Essere un giornalista significa riportare fatti ed eventi nella maniera più oggettiva e imparziale possibile. Essere un giornalista investigativo significa dover raccontare storie che non sempre hanno un lieto fine; significa riuscire a rimanere imparziali nonostante gli avvenimenti di quella vicenda siano al di fuori di ogni civile regola di comportamento e rispetto; significa riuscire a raccogliere il maggior numero di prove e testimoni che possano confermare una semplice supposizione; significa impegnarsi a fondo nel proprio lavoro così che una città, un paese, una nazione, perfino il mondo, possano venire a conoscenza di quello che è successo, perché niente venga nascosto sotto il tappeto.
Dopo aver visto Il caso Spotlight mi sono ricordata perché vorrei fare la giornalista: mi piacerebbe raccontare storie che portano le persone a riflettere su quello che le circonda, raccontare quello che c’è di marcio perché è giusto capire che non viviamo in un mondo di favole. Poi ho pensato a quali grandi inchieste sono state scritte negli ultimi anni qui in Italia, ma niente. A parte omicidi, scandali e varie buffonate di politici, sembra non sia successo nulla di eclatante in questo paese… nel film si dice che a volte per rendersi conto di qualcosa che non va “Ci vuole un outsider”. Per cui in attesa che arrivi qualcuno a farci aprire gli occhi limitiamoci alla recensione del film.

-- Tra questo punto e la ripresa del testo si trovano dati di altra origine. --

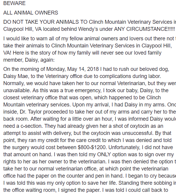 Yesterday, someone launched a smear campaign against Dr. Taylor and her practice. I'm all about leveraging social media to make a point. However, when you go off half-cocked and don't even understand the law regarding such things as veterinary liens, you not only cause a lot of harm to a lot of people, but you make yourself and your community look like blithering idiots.

Bello. Non mi sorprende che abbia vinto l’Oscar come miglior film e un altro come miglior sceneggiatura non originale. Del resto anche la nostra redazione lo dava per vincitore. A renderlo tale sicuramente le performance degli attori: Michael Keaton, Mark Ruffalo, Rachel McAdams e Brian d’Arcy James nei ruoli dei giornalisti investigativi che compongono il team Spotlight. Tutti molto intensi, concentrati e arrabbiati. Si riesce facilmente ad immedesimarsi e ad avvertire quanto fosse importante per questi giornalisti scoprire la verità. Accanto a loro anche Liev Schreiber, nei panni del neo direttore che spinge il team ad indagare sui fatti, e Stanley Tucci in quelli dell’avvocato difensore delle vittime.
Buona la regia di Tom McCarthy, che con le giuste inquadrature di primi piani e ambienti riesce a trasportare lo spettatore all’interno della scena.
Niente di sorprendente invece per quanto riguarda le musiche: non aiutano particolarmente a rendere le scene più emozionanti.
Ma quello che sicuramente lo rende un grande film è la storia. Come accennavo, Spotlight è un team di giornalisti investigativi che lavora per il Boston Globe. Guidati dal redattore Walter “Robby” Robinson i tre giornalisti Michael Rezendes, Sacha Pfeiffer e Matt Carroll, seguono per mesi la pista dei preti pedofili nelle diocesi di Boston, intenti a dimostrare che queste cosiddette “mele marce” in realtà sono circa il 6% dei preti della città; che più che un fenomeno sporadico è invece uno schema preciso; ma soprattutto che gli uomini che ricoprono cariche più importanti (in questo caso il Cardinale Law) sono a conoscenza di tutto e si limitano a spostare i soggetti recidivi e a insabbiare la faccenda, piuttosto che prendere provvedimenti. Una storia importante che in realtà non viene toccata fino in fondo, perché vero protagonista del film è il lavoro della squadra: le indagini, le interviste, le notti insonni, gli appunti scritti freneticamente su block notes o post-it, le telefonate con le fonti anonime, le pressioni dei colleghi e dell’opinione pubblica. Mi ha ricordato molto Tutti gli uomini del presidente, tralasciando il fatto che non avevo la costante paura che qualcuno venisse ucciso. Infondo era un’inchiesta su dei preti.
Un film che fa pensare, fa provare rabbia, schifo e anche impotenza. Non lo ritengo affatto un film anti-cattolico o che porta lo spettatore a perdere la propria fede, ma diciamo che fa diffidare sempre di più dall’istituzione. Infondo la fede è qualcosa di spirituale e legato all’animo umano. La Chiesa, in quanto istituzione, è composta da uomini e quindi temporanea.
Non è facile scrivere una recensione su una storia come questa evitando di prendere una posizione e dire esattamente cosa si pensa al riguardo. Difficile restare perfettamente imparziale, visto che dovrebbe essere ovvio ciò che è giusto e ciò che invece non lo è. Dovrebbe.